Why do we care about transactions?

First, some context. At Slope, we spend a lot of time with bank transactions. Why? Simply put, we are a payments company, and central to every payments company is risk. To that end, there is no better way to understand a business — what it’s been up to, its financial outlook, its fraud risk — than looking at every $ that flows in and out of it. The transaction, as we see it, is the atomic unit of business. It is the lifeblood.

Additionally, bank transactions have 2 critical properties:

  • Real-time. Thanks to Open Banking (e.g. Plaid), once a business connects their bank accounts, we will see every new $ that flows in and out of the business in real-time.
  • Unfalsifiable. Thanks to banks, a transaction is proof of an exchange of money. One cannot fake a transaction that’s pulled directly from their bank’s records (contrast this to an income statement).

At Slope, we strive to understand our customers deeply. Doing so not only enables us to assess risk, but fundamentally to build better products for our customers: from AR automation, to payments, to financing that’s personalized to a business’s unique needs. Transaction fluency, therefore, is a fundamental problem for Slope.

However, transactions are hard to understand.

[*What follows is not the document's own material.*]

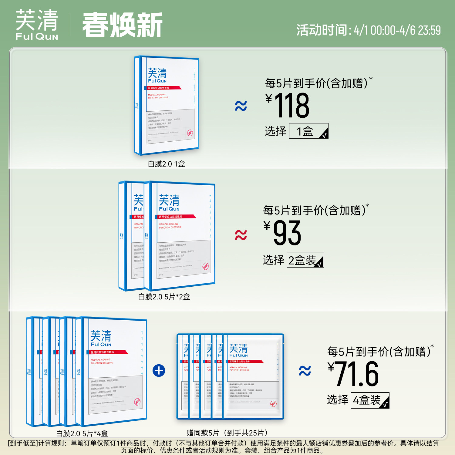 天猫【专享】芙清白膜械号医用敷料痘痘医美术后修复改善痤疮非面膜
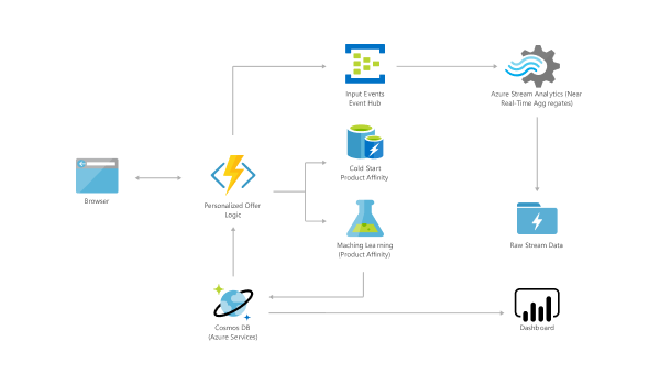 The e-commerce website includes simple order processing workflows with the help of Azure services. Using Azure Functions and Web Apps, developers can focus on building personalized experiences and let Azure take care of the infrastructure.

The issue is that transactions are not written in English, or even a single language, for that matter. It is a language of many dialects: a single transaction type can be expressed 10 different ways across 10 different banks:

These are all payments from Shopify.

Additionally, a transaction can be complex. It may have components that represent different counterparties, channels, and intermediaries which obscure the true flow of money. This opaqueness is only furthered by the rise of payment processors and middlemen (e.g. PayPal, Zelle, and even Slope).

Can you tell where the money is going here?

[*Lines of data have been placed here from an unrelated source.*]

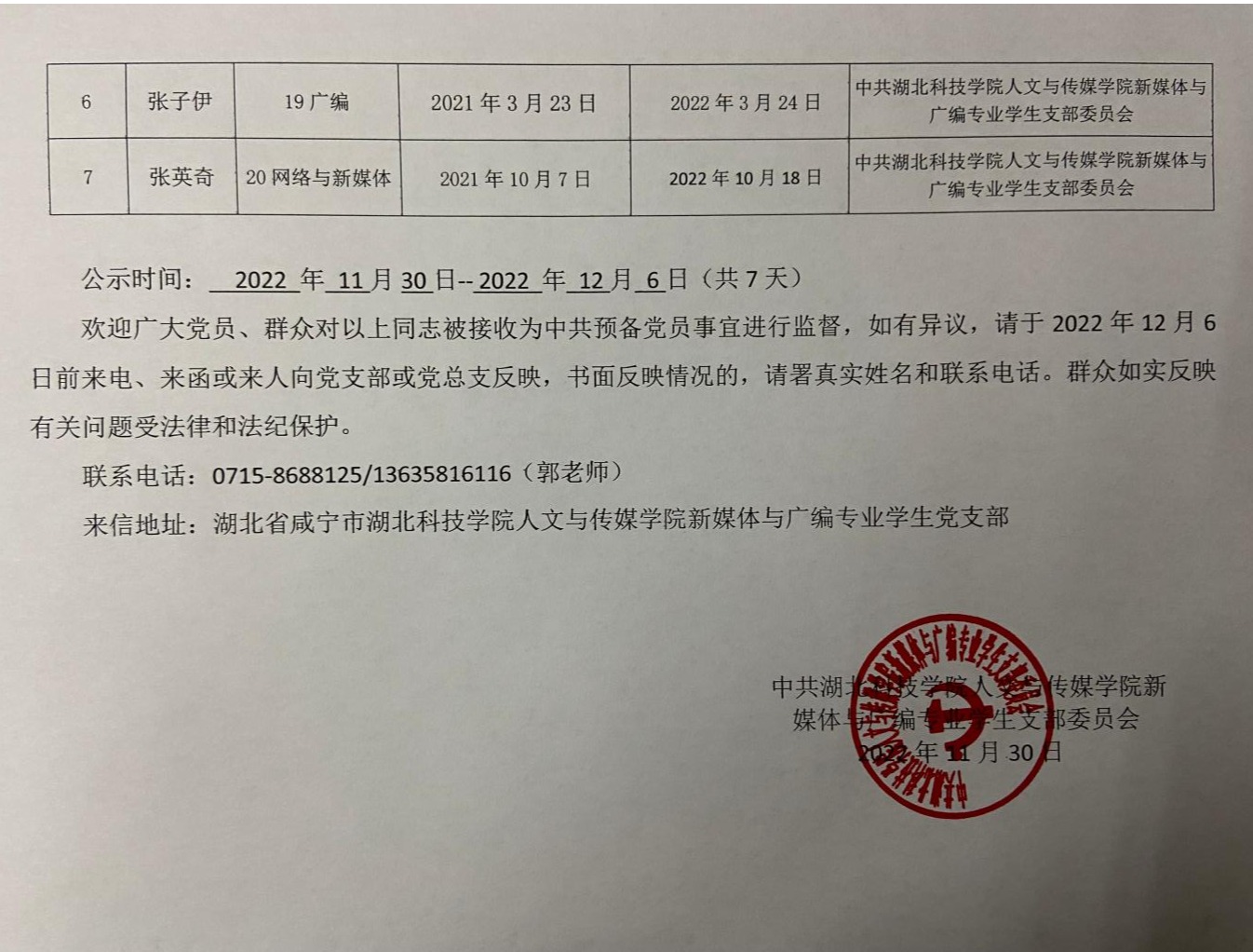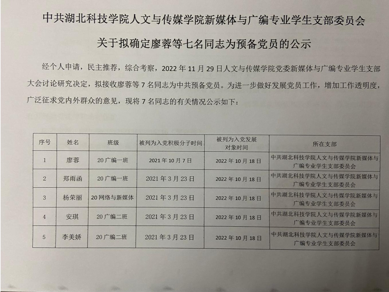 中共tyc7111cc太阳成集团新媒体与广编专业学生支部委员会关于拟确定廖蓉等七名同志为中共预备党员的公示
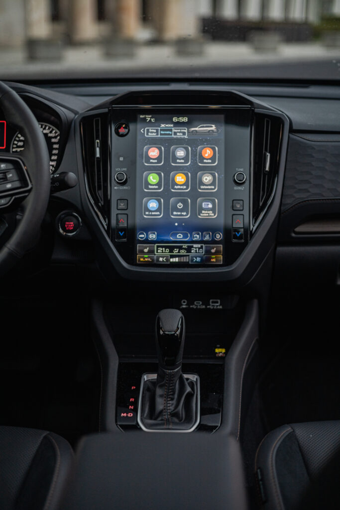 Pomocny okazuje się również fakt, że Forester 6. generacji już w standardzie wyposażony jest w dotykowy ekran o przekątnej 11,6 cala. System obsługuje bezprzewodowo interfejsy Apple CarPlay i Android Auto, które pozwolą na strumieniowanie ulubionej muzyki bezpośrednio ze smartfona (ten leży bezpiecznie na półce z ładowarką indukcyjną) oraz uruchomienie nawigacji. Dzięki temu łatwiej jest poruszać się po mieście i na bieżąco śledzić informacje o ewentualnych zatorach na ulicach.
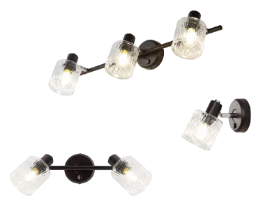 Корпус светильников металлический, популярного оттенка венге. Плафоны — стеклянные, прозрачные, в форме цилиндра, с объемным рисунком, напоминающим застывшие струи воды. Они закреплены на поворотных шарнирах, которые позволяют направлять поток света в разные стороны; плафоны вращаются независимо друг от друга. Таким образом, вы можете создавать свою собственную, неповторимую конфигурацию света. В изделиях используются лампочки с цоколем Е14, которые нужно будет купить отдельно.
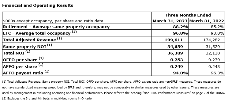 "As we move further into 2023, we have many reasons to be encouraged," said Nitin Jain, president and chief executive officer. "Strong demand for our retirement residences supported significant year-over-year growth in our same-property NOI, our long-term-care communities continued to stabilize and our focus on cost management is showing early signs of success. In addition, slowing inflation and a pause to interest rate hikes are further adding to our optimistic outlook for the balance of the year."

BILL.COM DES:ACCTVERIFY ID:025AYXVFMTBCRRX INDN:DAVID VAN ARCH CO ID:XXXXX634527 CCD

If you consider the combinations of (bank dialects X merchants X intermediaries) — and also that a “merchant” can be any individual or entity in the world, and that new intermediaries are spawning every day — it becomes clear that transactions cannot be solved with traditional, rules-based methods. It is a high-dimensional, long-tail problem that even specialist companies often struggle to get right.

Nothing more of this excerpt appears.